[Data extract Boundary: Start]
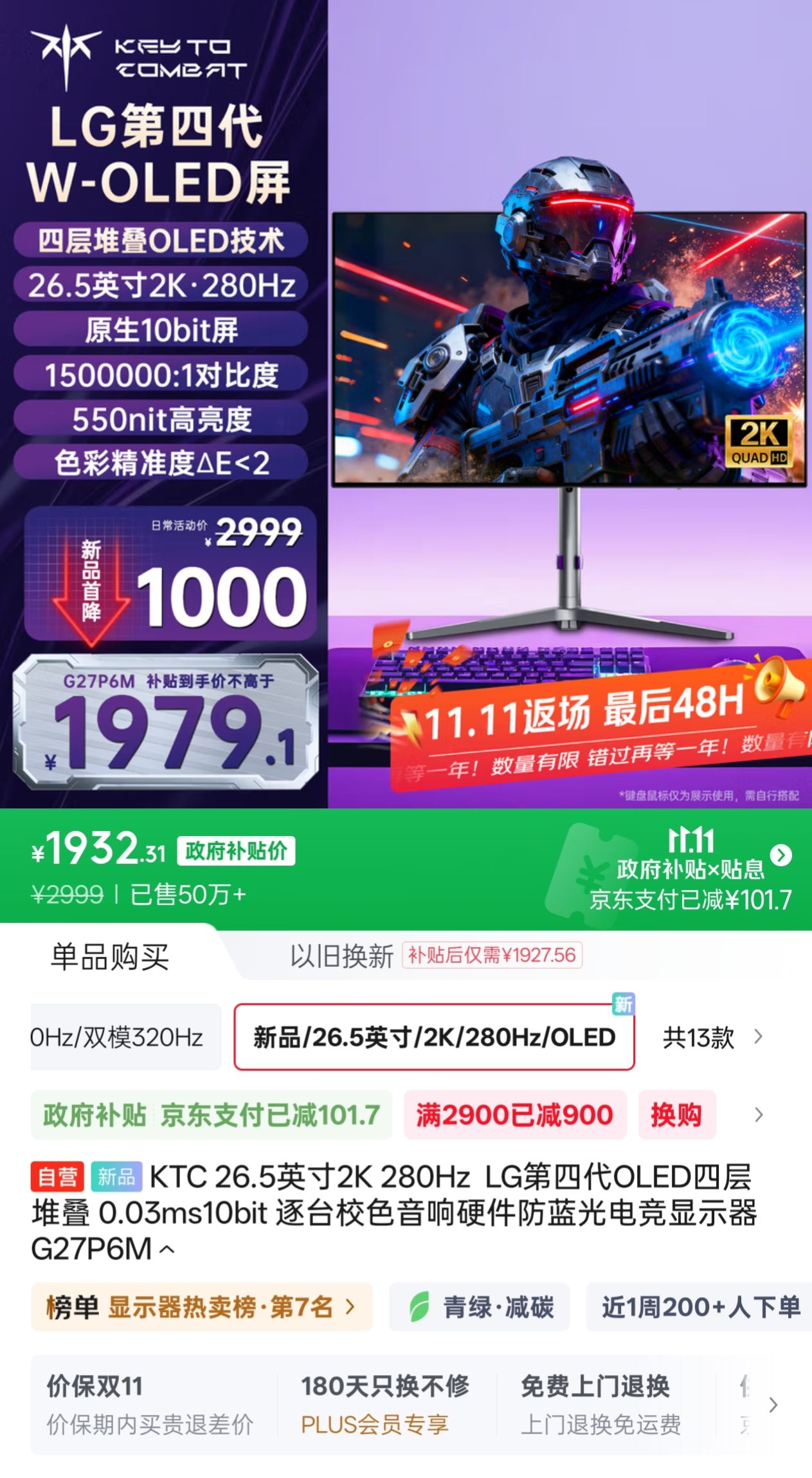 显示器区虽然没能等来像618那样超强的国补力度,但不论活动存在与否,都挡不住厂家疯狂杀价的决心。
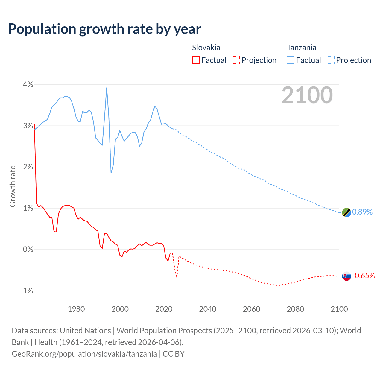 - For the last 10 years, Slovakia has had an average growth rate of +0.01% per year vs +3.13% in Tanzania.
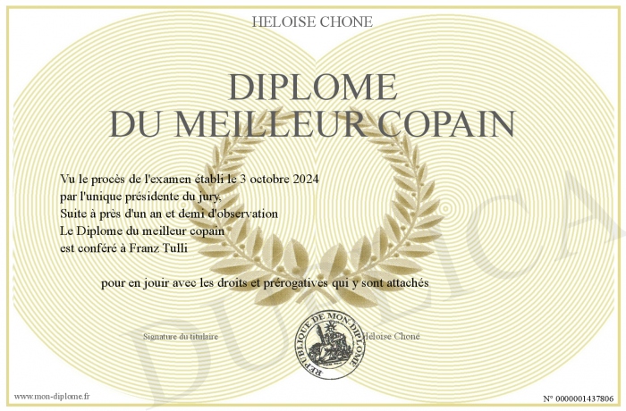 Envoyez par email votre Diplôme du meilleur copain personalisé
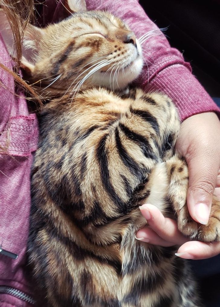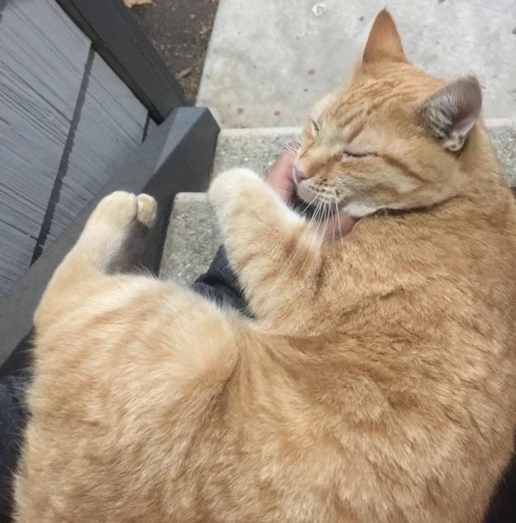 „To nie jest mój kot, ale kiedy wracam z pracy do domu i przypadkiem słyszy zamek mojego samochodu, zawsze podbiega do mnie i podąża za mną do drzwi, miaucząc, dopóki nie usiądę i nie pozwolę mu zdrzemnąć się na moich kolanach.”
[Data extract Boundary: End]
**The task:** Restate, word for word, all of the material above, leaving out the images.

**Response to this task:**
 显示器区虽然没能等来像618那样超强的国补力度,但不论活动存在与否,都挡不住厂家疯狂杀价的决心。
 - For the last 10 years, Slovakia has had an average growth rate of +0.01% per year vs +3.13% in Tanzania.
 Envoyez par email votre Diplôme du meilleur copain personalisé
 „To nie jest mój kot, ale kiedy wracam z pracy do domu i przypadkiem słyszy zamek mojego samochodu, zawsze podbiega do mnie i podąża za mną do drzwi, miaucząc, dopóki nie usiądę i nie pozwolę mu zdrzemnąć się na moich kolanach.”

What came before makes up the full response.